Hong Kong MDD Issues New Technical Reference Document for SaMD, SiMD and Cybersecurity

Technical Document Requirements 

Technical document requirements are similar to non-software medical devices with the exception of more obvious documents such as biocompatibility, manufacturing process, and other items related to physical device production. 

Document requirements expected by the MDD, as part of the MDACS listing application, include: 

1. A quality management system (QMS) – ISO 13485 is considered the standard but the MDD will accept equivalent QMS such as 21 CFR Part 820 (USFDA), or Medical Device Single Audit Program (MDSAP) 
2. Essential Principles (Technical Reference TR-004) 
   1. International standards such as “Medical Device Administrative Control System Essential Principles Conformity Checklist” (MD-CCL or IVDMD-CCL) or Essential Requirements / General Safety and Performance Requirements Checklist in accordance with relevant European Union (EU) Medical Device directives or regulations are acceptable.  
3. Labeling must meet the requirements outlined in Technical Reference TR-005: Additional Medical Device Labelling Requirements and Special Listing Information (as specified in Clause 4.4.13 of Guidance Notes GN-01 Guidance Notes for Overview of the Medical Device Administrative Control System). 
4. Risk Management requirements follow the international standard ISO 14971 Medical Devices — Application of Risk Management to Medical Devices in addition to the Hong Kong specific cybersecurity requirements outlined in Clause 5.5.3 of the new TR-007 guidance. 
5. Clinical Evaluation establishes the acceptability of risks and side effects when weighed against the intended benefits of the device and should follow the international standard ISO 14155 Clinical investigation of medical devices for human subjects – Good Clinical Practice. 
6. Marketing approvals from reference countries including the US, Canada, Europe, Japan, Australia, Mainland China, and/or South Korea.
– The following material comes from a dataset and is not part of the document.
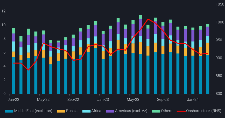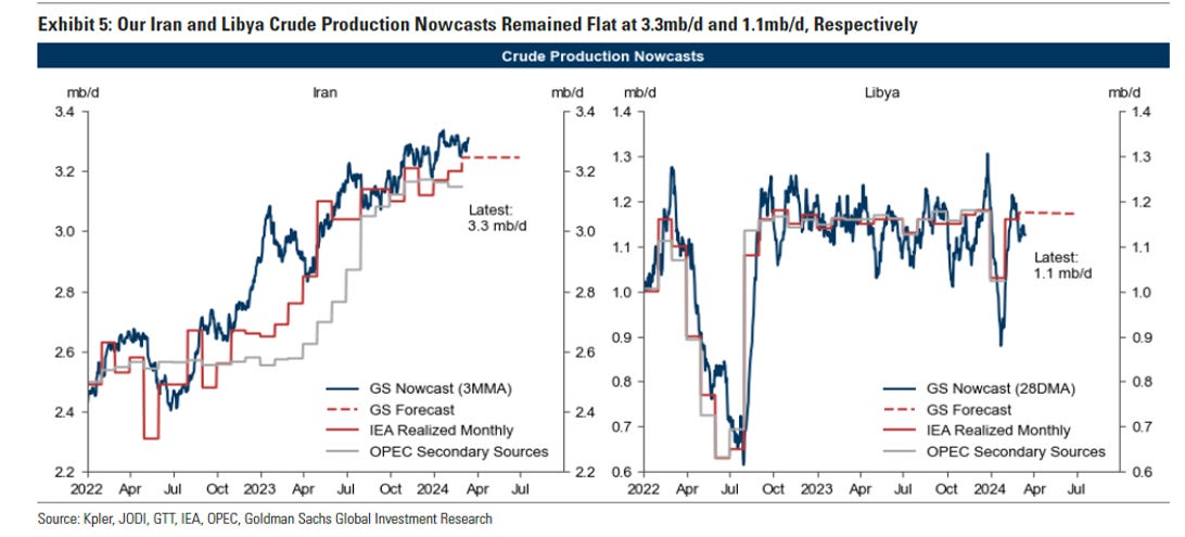 OPEC+ exports, outside of KSA, have averaged much higher than what would be expected under full compliance based on guided cuts (above). All the while, Iran has been rapidly increasing production and a normally volatile Libya has been consistently above 1Mbpd (below).
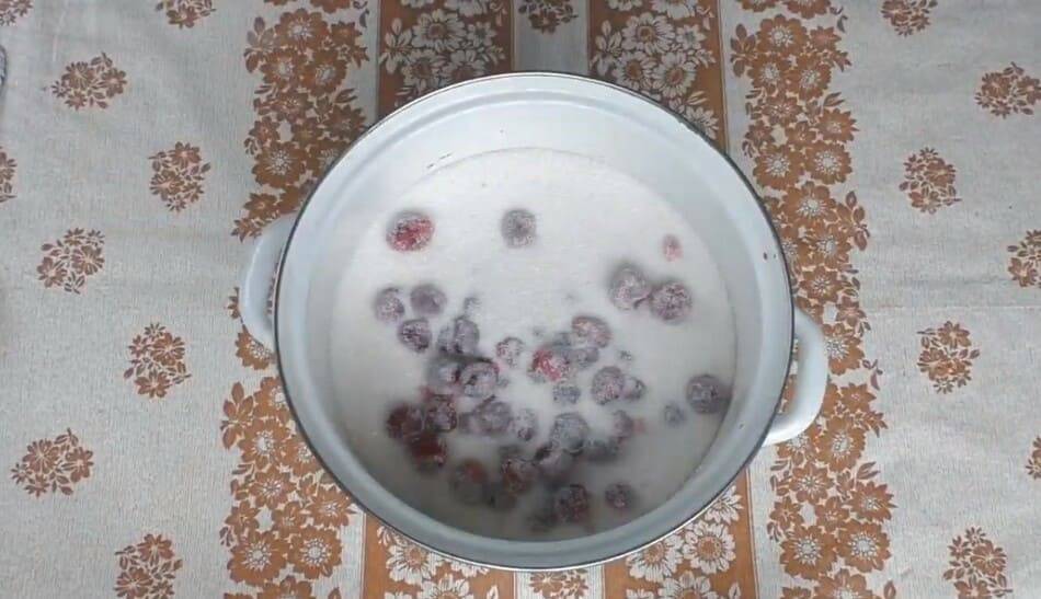 - Ягоды высыпать в кастрюлю, засыпать 3 стаканами сахара. Оставить смесь на 6 часов.

Note: Products approved by 2 or more reference markets will be reviewed quicker. 
7. Software Verification and Validation. Manufacturers are encouraged to refer to the international standard IEC 62304 Medical device software – Software life cycle processes. 
8. Software Versioning and Traceability. Manufacturers should have clear processes for tracking versions of their software and will need to work with their Local Responsible Person (LRP) to submit change applications for new versions in accordance with Guidance Notes GN-10 (Guidance Notes for Changes of Listed Medical Device). 
9. Cybersecurity Management. Manufacturers will need to demonstrate that they identified potential threats and implemented appropriate measures to mitigate risks.

Cybersecurity Management

Cybersecurity management refers to manufacturers considering the potential cybersecurity threats medical devices face when connected to the internet and potential risks posed to patient data or the product’s functionality. Applicants can refer to ISO 27032 Cybersecurity – Guidelines for Internet Security and ISO/IEC 27001 Information security, cybersecurity and privacy protection. Information security management systems for best practices. Primary considerations include: 

1. General items such as administrative protocols, application of standards, provision of user data, etc. 
2. Technical aspects such as penetration testing, operating platform security, etc.  
3. Environmental functionality such as connecting to networks and uploading/downloading data. 
4. Physical considerations such as mechanical locks on devices, physically securing networks, and waste management. 
5. Social concerns such as minimizing social engineering threats (e.g. phishing, impersonation, baiting, tailgating). 

More information on the cybersecurity management requirements and guidance can be found in sections 5.5.3 to 5.5.7 of TR-007: Software Medical Devices and Cybersecurity.